▶ _About this task_:
Return the listing below unchanged, minus its pictures.

*** Block opens ***

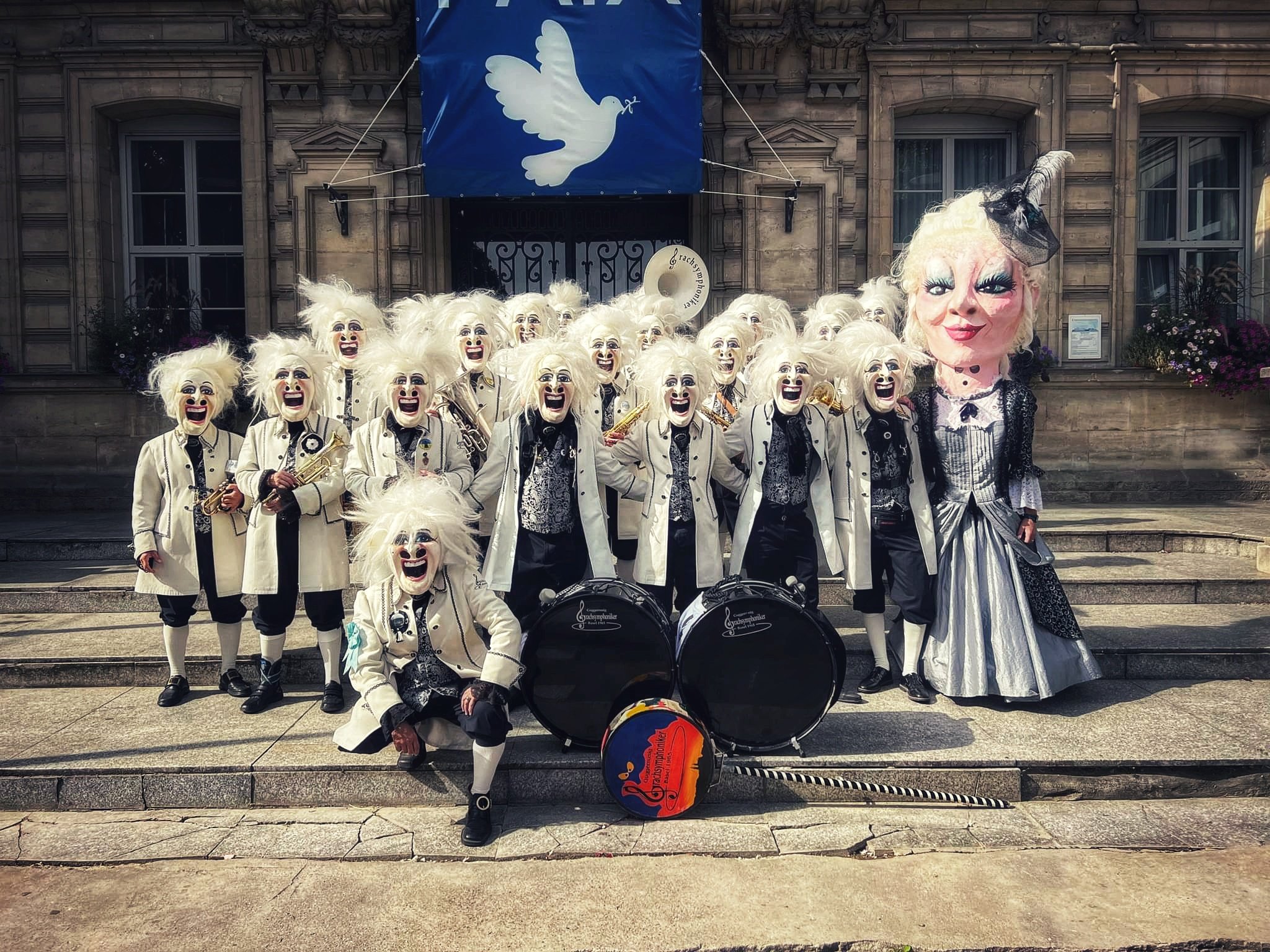 Wenn mir an dr Basler Fasnacht ufftauche, erkennsch uns sofort! Unseri uffwändigi "Wildi Mozart"-Larve mit wysse Hoor und blasser Schminki, dr eierschalefarbigi Fragg und natyrlig unseri barocki Major-Dame im feyne, silberne Glaidd, wo dr Ton aagit.
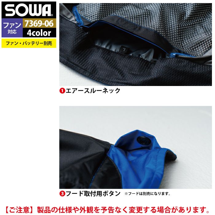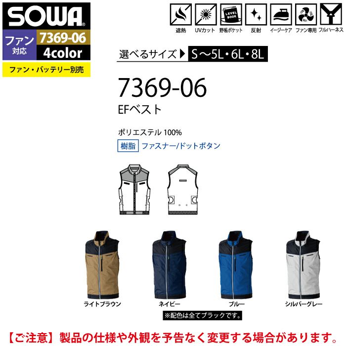 空調服 桑和 SOWA 作業服 作業着 ファン付きウェア(服のみ) 桑和 SOWA 作業服 7369-06 EFベスト S-LL 作業着 春夏
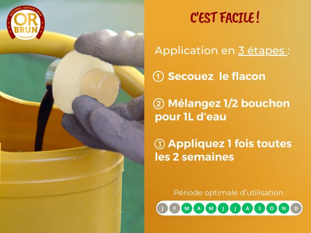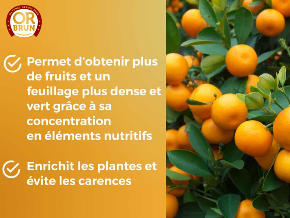 - Permet d’obtenir plus de fruits et un feuillage plus dense et vert grâce à sa concentration en éléments nutritifs
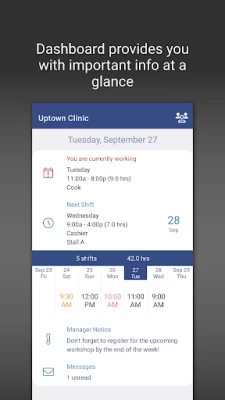 Hello! I've been having this app for about 4 months now for work. At first the app works pretty well, and tells me when to come in. Yet, the app would crash. And also, for some reason my times would be inaccurate on the schedule. I keep having incidents the schedule will tell me I'm working from 11-8 or even 10-8. Later to be called why I'm not at work. I restarted my phone several times to see what is happening. I reinstalled the app.. and it finally updated to 9-6.... please fix this.
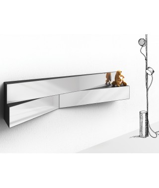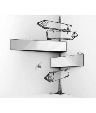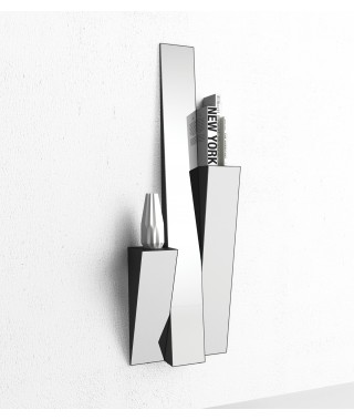 Mensole in metallo di forma triangolare con specchio sulla superfice frontale, colore antracite. Disponibili in tre diverse misure con possibilità di fissaggio orizzontale o verticale al momento del montaggio.
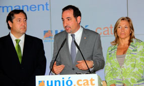 El president del Consell Nacional d’Unió, Ramon Espadaler, ha fet pública la continuïtat de Josep Antoni Duran i Lleida com a secretari general de CiU. La resta de membres de la Permanent d’Unió (Josep Maria Pelegrí i Joana Ortega a la imatge) l’han acompanyat a la sala de premsa del partit.
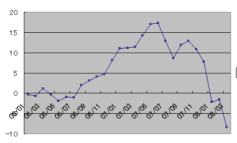 ・インド SENSEX: 17227.56 から 15644.44 へ -9.2%の下げ
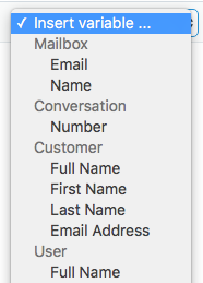 When editing saved replies, workflow emails, the mailbox signature, or your auto-reply, you'll find a dropdown list of valid variables in the top-right corner of the editor. To insert a variable, just open the menu and pick one from the list.
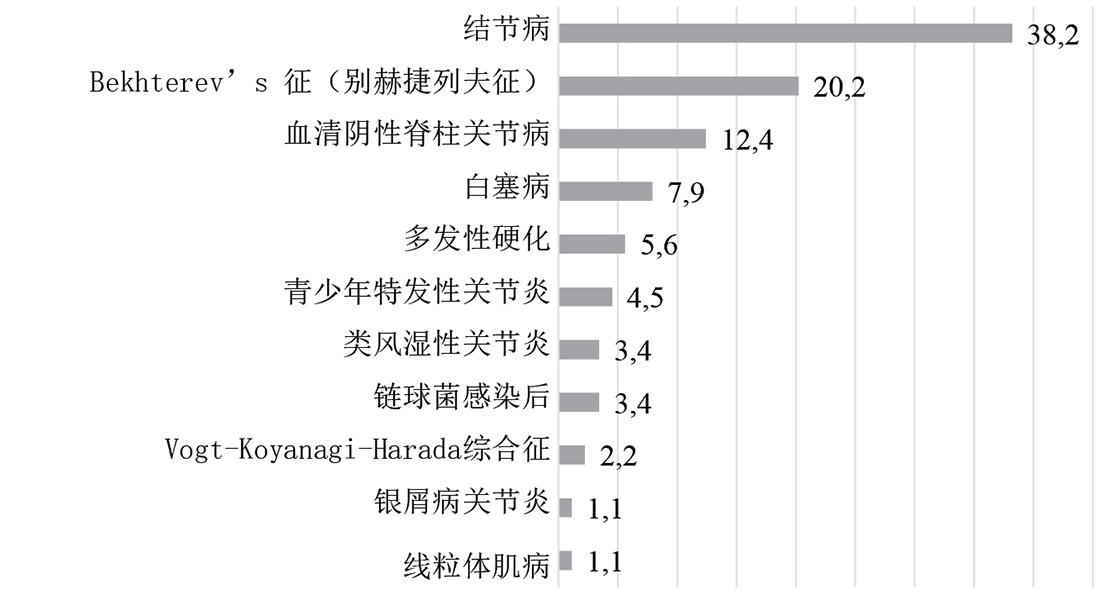 Fig. 4. Distribution of uveitis, associated with systemic syndromes and diseases (n = 89)

*** Block closes ***

▶ _Solution_:
 Wenn mir an dr Basler Fasnacht ufftauche, erkennsch uns sofort! Unseri uffwändigi "Wildi Mozart"-Larve mit wysse Hoor und blasser Schminki, dr eierschalefarbigi Fragg und natyrlig unseri barocki Major-Dame im feyne, silberne Glaidd, wo dr Ton aagit.
 空調服 桑和 SOWA 作業服 作業着 ファン付きウェア(服のみ) 桑和 SOWA 作業服 7369-06 EFベスト S-LL 作業着 春夏
 - Permet d’obtenir plus de fruits et un feuillage plus dense et vert grâce à sa concentration en éléments nutritifs
 Hello! I've been having this app for about 4 months now for work. At first the app works pretty well, and tells me when to come in. Yet, the app would crash. And also, for some reason my times would be inaccurate on the schedule. I keep having incidents the schedule will tell me I'm working from 11-8 or even 10-8. Later to be called why I'm not at work. I restarted my phone several times to see what is happening. I reinstalled the app.. and it finally updated to 9-6.... please fix this.
 Mensole in metallo di forma triangolare con specchio sulla superfice frontale, colore antracite. Disponibili in tre diverse misure con possibilità di fissaggio orizzontale o verticale al momento del montaggio.
 El president del Consell Nacional d’Unió, Ramon Espadaler, ha fet pública la continuïtat de Josep Antoni Duran i Lleida com a secretari general de CiU. La resta de membres de la Permanent d’Unió (Josep Maria Pelegrí i Joana Ortega a la imatge) l’han acompanyat a la sala de premsa del partit.
 ・インド SENSEX: 17227.56 から 15644.44 へ -9.2%の下げ
 When editing saved replies, workflow emails, the mailbox signature, or your auto-reply, you'll find a dropdown list of valid variables in the top-right corner of the editor. To insert a variable, just open the menu and pick one from the list.
 Fig. 4. Distribution of uveitis, associated with systemic syndromes and diseases (n = 89)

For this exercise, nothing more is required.